The problem: Repeat only the lines from the one containing "도살장에서 구조된 소" to the final line below, exactly as they read, and leave every picture out.

Supplied information:
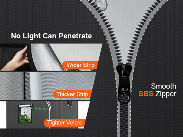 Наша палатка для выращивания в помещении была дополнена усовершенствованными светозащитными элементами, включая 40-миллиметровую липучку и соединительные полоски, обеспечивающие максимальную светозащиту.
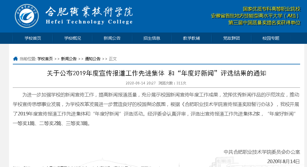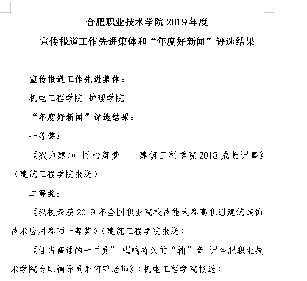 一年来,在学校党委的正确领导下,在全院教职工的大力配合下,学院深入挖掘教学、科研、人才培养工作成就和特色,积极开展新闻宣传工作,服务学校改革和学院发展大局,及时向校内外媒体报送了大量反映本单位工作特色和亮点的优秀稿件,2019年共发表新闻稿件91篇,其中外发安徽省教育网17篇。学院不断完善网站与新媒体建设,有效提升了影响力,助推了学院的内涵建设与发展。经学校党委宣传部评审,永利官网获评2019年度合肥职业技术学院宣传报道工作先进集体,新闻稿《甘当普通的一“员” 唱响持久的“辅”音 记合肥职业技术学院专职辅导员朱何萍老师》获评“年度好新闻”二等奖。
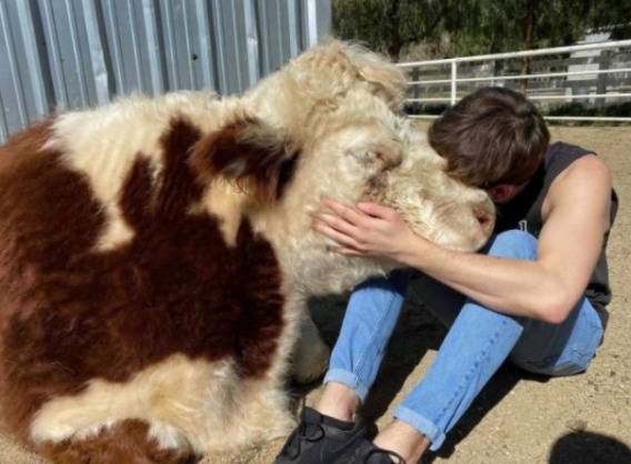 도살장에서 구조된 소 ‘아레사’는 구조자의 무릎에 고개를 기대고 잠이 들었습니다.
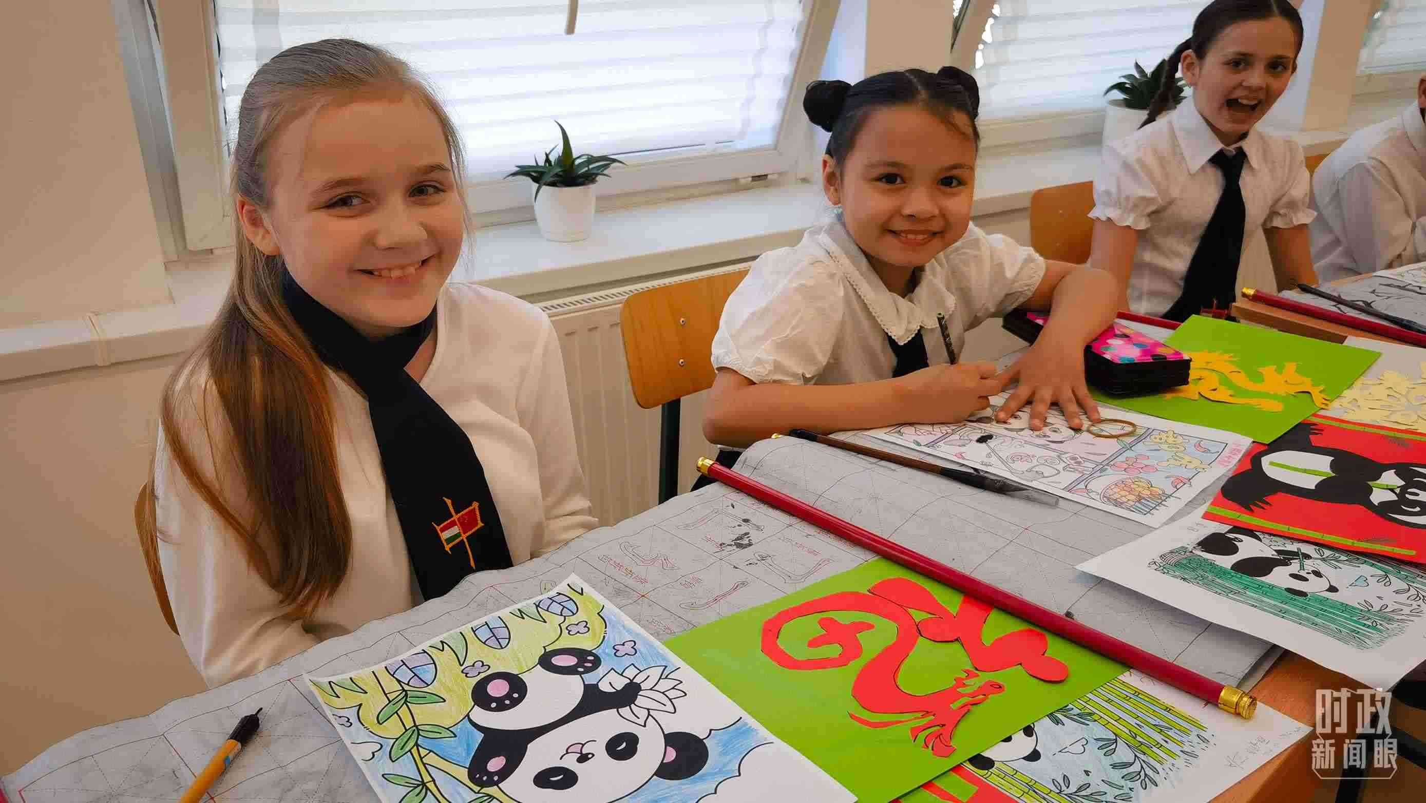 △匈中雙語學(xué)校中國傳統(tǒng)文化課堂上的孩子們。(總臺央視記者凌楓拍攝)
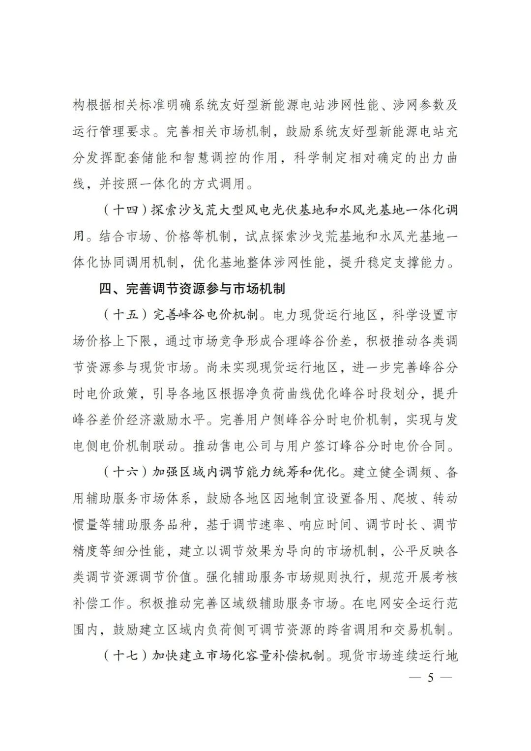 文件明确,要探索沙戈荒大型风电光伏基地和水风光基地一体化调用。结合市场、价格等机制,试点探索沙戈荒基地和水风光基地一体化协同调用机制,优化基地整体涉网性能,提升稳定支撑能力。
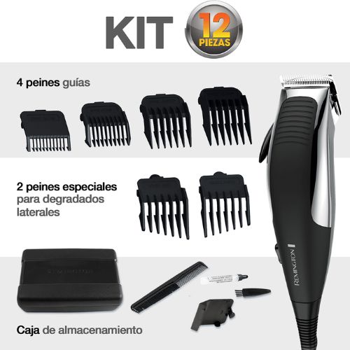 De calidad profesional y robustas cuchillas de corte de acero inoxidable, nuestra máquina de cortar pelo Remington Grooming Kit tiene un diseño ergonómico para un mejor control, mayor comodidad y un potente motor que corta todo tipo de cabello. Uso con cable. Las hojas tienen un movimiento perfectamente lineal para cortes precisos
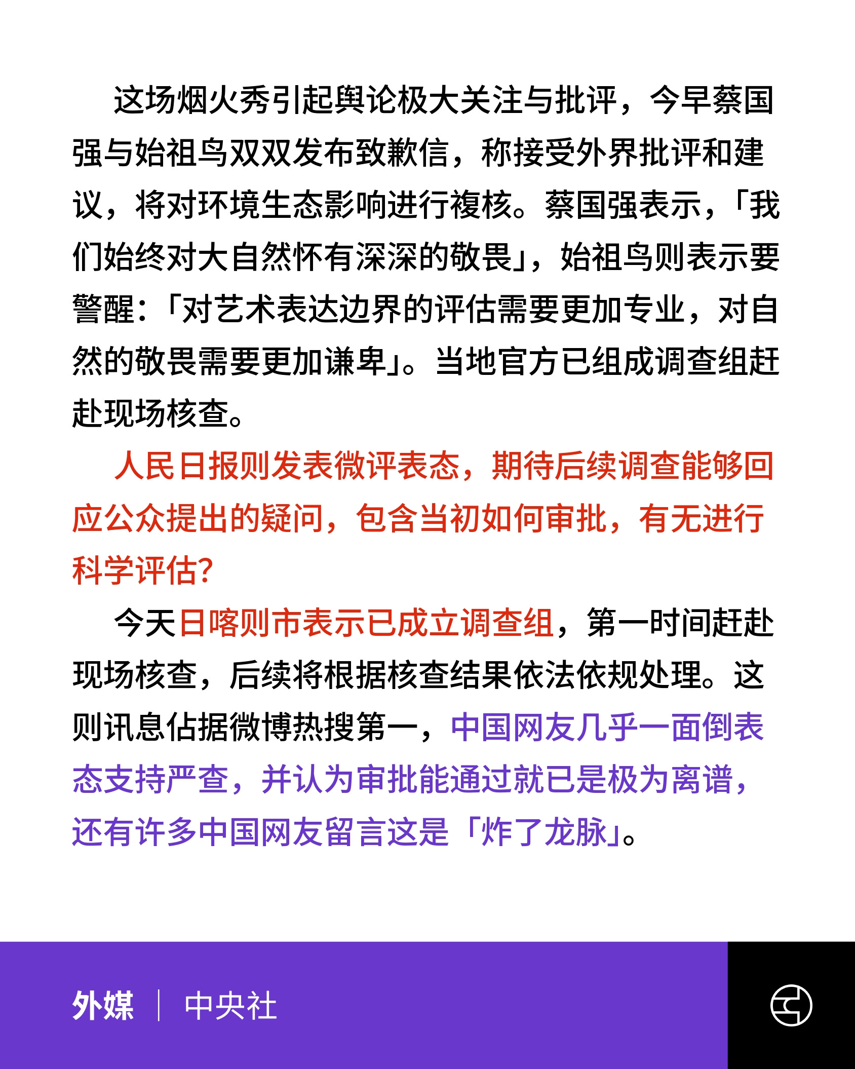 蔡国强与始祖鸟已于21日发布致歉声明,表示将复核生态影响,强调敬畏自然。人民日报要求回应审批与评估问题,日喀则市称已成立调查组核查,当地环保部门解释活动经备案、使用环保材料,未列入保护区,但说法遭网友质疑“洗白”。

Solution to this exercise:
 도살장에서 구조된 소 ‘아레사’는 구조자의 무릎에 고개를 기대고 잠이 들었습니다.
 △匈中雙語學(xué)校中國傳統(tǒng)文化課堂上的孩子們。(總臺央視記者凌楓拍攝)
 文件明确,要探索沙戈荒大型风电光伏基地和水风光基地一体化调用。结合市场、价格等机制,试点探索沙戈荒基地和水风光基地一体化协同调用机制,优化基地整体涉网性能,提升稳定支撑能力。
 De calidad profesional y robustas cuchillas de corte de acero inoxidable, nuestra máquina de cortar pelo Remington Grooming Kit tiene un diseño ergonómico para un mejor control, mayor comodidad y un potente motor que corta todo tipo de cabello. Uso con cable. Las hojas tienen un movimiento perfectamente lineal para cortes precisos
 蔡国强与始祖鸟已于21日发布致歉声明,表示将复核生态影响,强调敬畏自然。人民日报要求回应审批与评估问题,日喀则市称已成立调查组核查,当地环保部门解释活动经备案、使用环保材料,未列入保护区,但说法遭网友质疑“洗白”。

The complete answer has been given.